Myerscough and Bilsborrow (/ˈmaɪərskoʊ...ˈbɪlzbʌrə/) is a civil parish in the Borough of Wyre in Lancashire, England. It was formed on 1 April 2003 as a merger of the former parishes of Bilsborrow and Myerscough, and lies on the eastern border of the Fylde plain. In 2011 the parish had a population of 1,301.

The largest settlement is the village of Bilsborrow. The hamlet of Brock is immediately to the north of Bilsborrow, and the hamlet of Myerscough lies about a mile (2 km) to the west of Bilsborrow. The River Brock flows east-to-west along the northern border of the former Bilsborrow parish and through the former Myerscough parish.

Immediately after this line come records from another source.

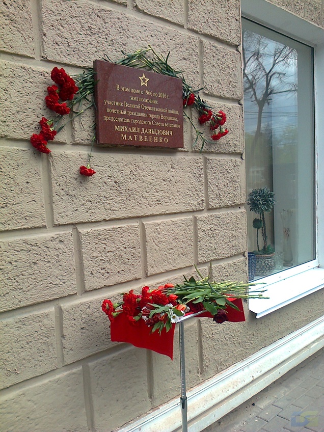 В Воронеже, на доме №3 по улице Мира торжественно открыли мемориальную доску гвардии полковнику, участнику Великой Отечественной войны, почётному гражданину города Воронежа Михаилу Давыдовичу Матвеенко, где председатель городского Совета ветеранов войны, труда, Вооружённых сил и правоохранительных органов в 1988-2008 гг., истинный патриот своей Родины и пламенный борец за мир жил с 1966 по 2016 годы.
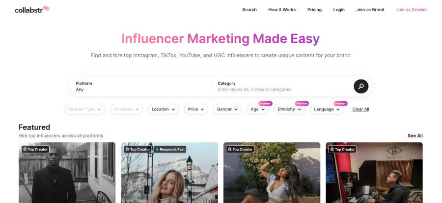 With a super-easy to use interface and a transparent system, Collabstr is a great choice for small businesses and startups who are new to influencer marketing.
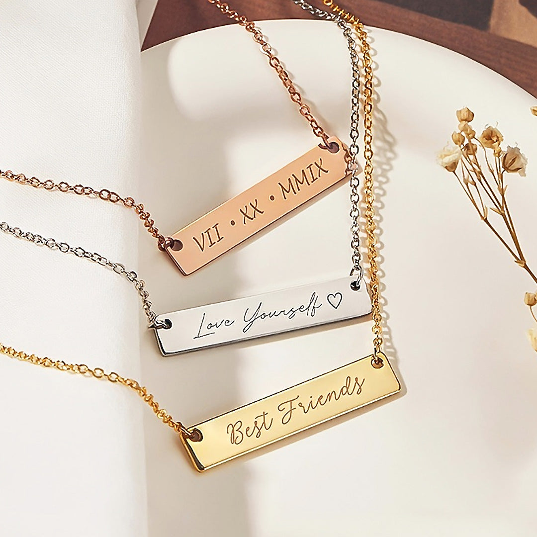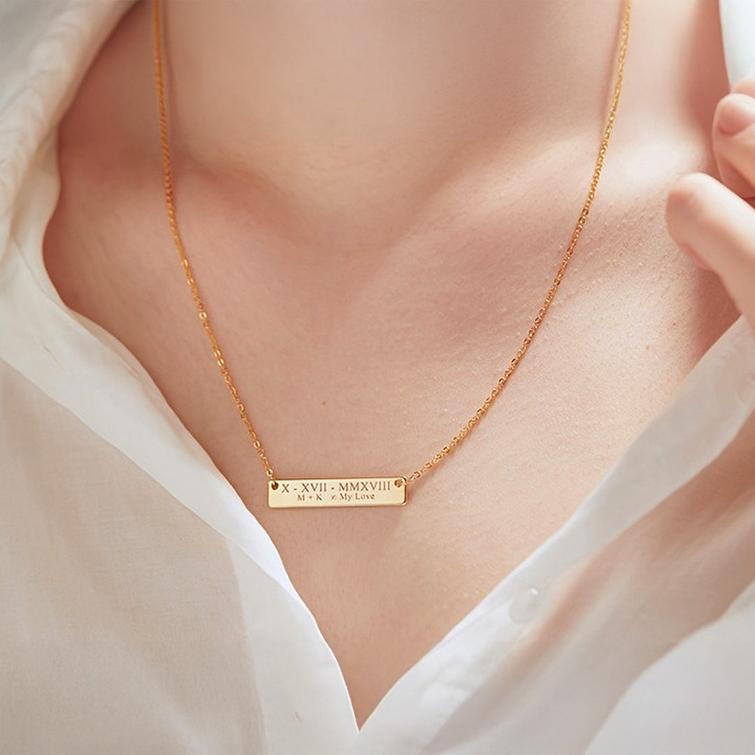Elegant and meaningful, the Nova - 1025 Necklace is a timeless piece designed to celebrate what matters most to you. Featuring a sleek bar pendant, this necklace can be customised with names, dates, or words that hold special meaning. Whether worn daily as a personal keepsake or gifted to a loved one, it’s the perfect blend of style and sentiment.
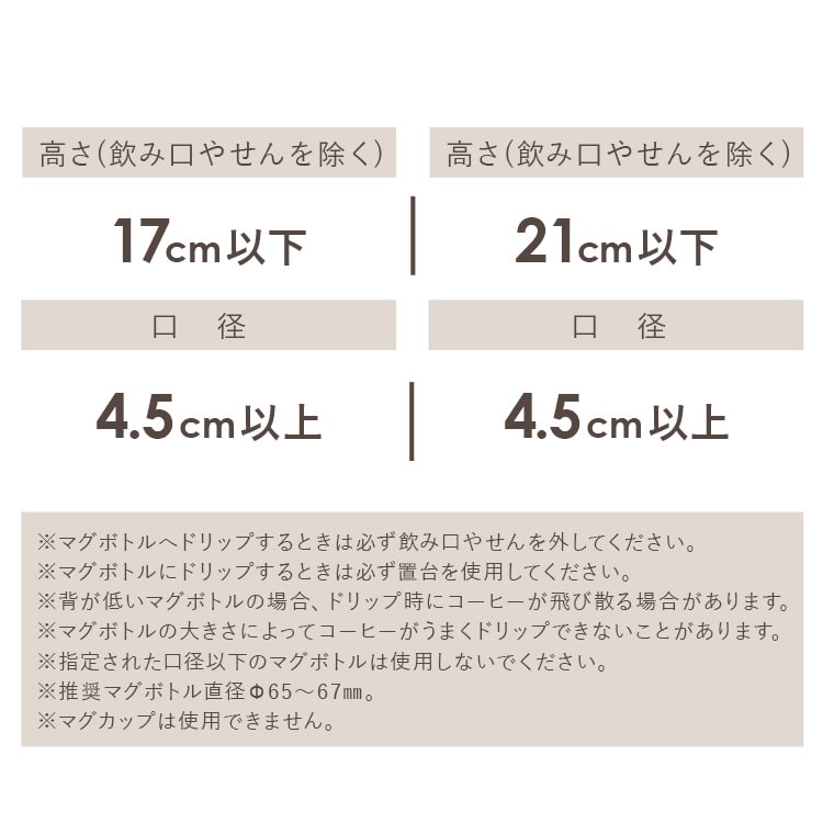 ※背が低いマグボトルの場合、ドリップ時にコーヒーが飛び散る場合があります。
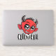 Vector cartoon illustration of a devilishly cute little devil with big eyes with Cute But Evil text. Keywords: devil, hell, cute, demon, evil, satan, halloween, monster, horns, horror, adorable, sweet, devilishly, devilish, precious, endearing, lovable, lovely, appealing, engaging, delightful, dear, darling, winning, winsome, charming, enchanting, attractive, pretty, adorbs

The Lancaster Canal, West Coast Main Line, A6 road and M6 motorway all pass north-to-south through the parish. There are canal moorings at Bilsborrow, and a marina at the Barton Grange Garden Centre to the north. When the Lancaster and Preston Junction Railway opened in 1840, it built Roebuck railway station next to the village, but in 1849 it was replaced by Brock railway station, half-a-mile (1 km) to the north, which survived until 1939.

In 1969, the Lancashire School of Agriculture moved onto the site of Myerscough Hall, which was renamed Myerscough College in 1993.